Wednesday, September 25, 2013

"The White Man's Burden"- Moving Forward


As we close a chapter in class of the Haitian Revolution and start a new one we are constantly reminded that racism now more than ever is being up rooted, slaves have taken a stance and revolted, which is making the racism line much deeper and defined, in regards to the spectrum of their freedom. Since expressing their voice they have at the same time created a deeper, darker one for the whites.

Looking at “The White Man’s Burden” poem and cartoon I was curious to do more research into the poem and fully understand it, after reading it several times this is what I was able to dissect from it.

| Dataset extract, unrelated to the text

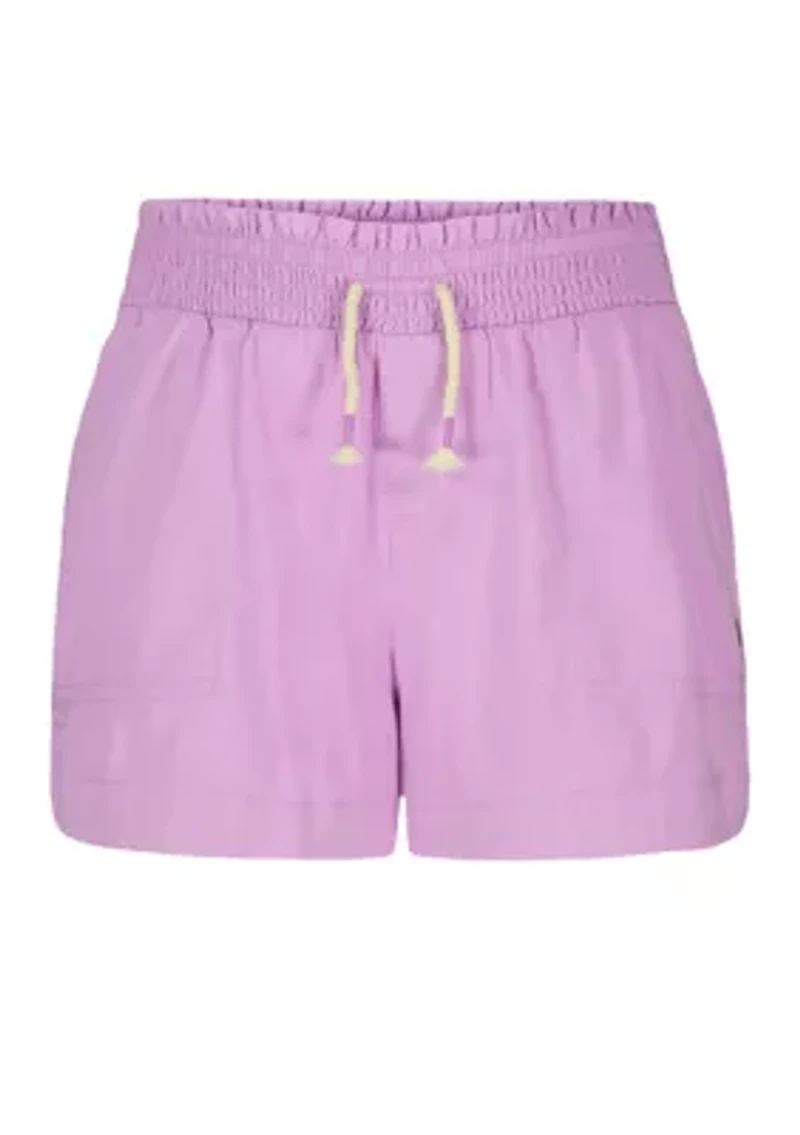 These chic Roxy shorts are perfect for active girls, providing comfort and style all day long. Fabric: cotton, rayon, brushed twill Fit: regular fit Inseam: 2.75" (size m) Waist: smocked elastic waistband Closure: front functional drawcord maintained on back by bartack Branding: metal logo charm Drawstring waistband Imported Care Machine washable

Europe is trying to justify coming into Africa and taking over, the white man’s burden has a duty to send “the best of their country to dark, uncivilized places of the earth.”  His view proposes that white people have an obligation to take over, and show Africans the Western ways.

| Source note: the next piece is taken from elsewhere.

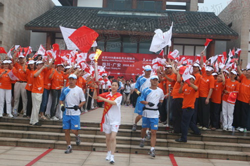 奧運火炬在鄧小平家鄉(xiāng)廣安開始四川境內(nèi)第一站的傳遞。7.3公里長的火炬接力路線上,人們沿途揮舞國旗和奧運旗幟,高喊“奧運雄起,中國雄起,四川雄起”。“雄起”是四川方言,意為振奮起來。

 Through my research I found there is an argument whether “The White Man's burden" can be interpreted as racist, or taken as a metaphor view of non-Western national culture and economic traditions. Giving the Eurocentric   a “meaningful” purpose coming into Africa because they felt an obligation to help them “better” themselves whether they want to or not.  One could argue that they used the Christian missionary movement, which was active at the time in Africa to give a more religious meaning to what they were doing.
 Written in response to Kipling’s poem in April 1899 H.T. Johnson wrote and published “The Black Man’s Burden.”  . A “Black Man’s Burden Association” was even organized with the goal of demonstrating the mistreatment of brown people in the Philippines as an extension of the mistreatment of black Americans at home.
Pile on the Black Man’s Burden.
'Tis nearest at your door;
Why heed long bleeding Cuba,
or dark Hawaii’s shore?
Hail ye your fearless armies,
Which menace feeble folks
Who fight with clubs and arrows
and brook your rifle’s smoke.
Pile on the Black Man’s Burden
His wail with laughter drown
You’ve sealed the Red Man’s problem,
And will take up the Brown,
In vain ye seek to end it,
With bullets, blood or death
Better by far defend it
With honor’s holy breath.
 If not for the Haitian Revolution and the voice of Toussiant Loverture,  I believe that  African slaves and freed ones during this time  would have been too scared to express their voice. Since TS had paved the way   both groups were not afraid to talk back. Whether it was the revolt or the educated African man talking a stand through writing their voice had been heard and was going to continue to be from now until their freedom.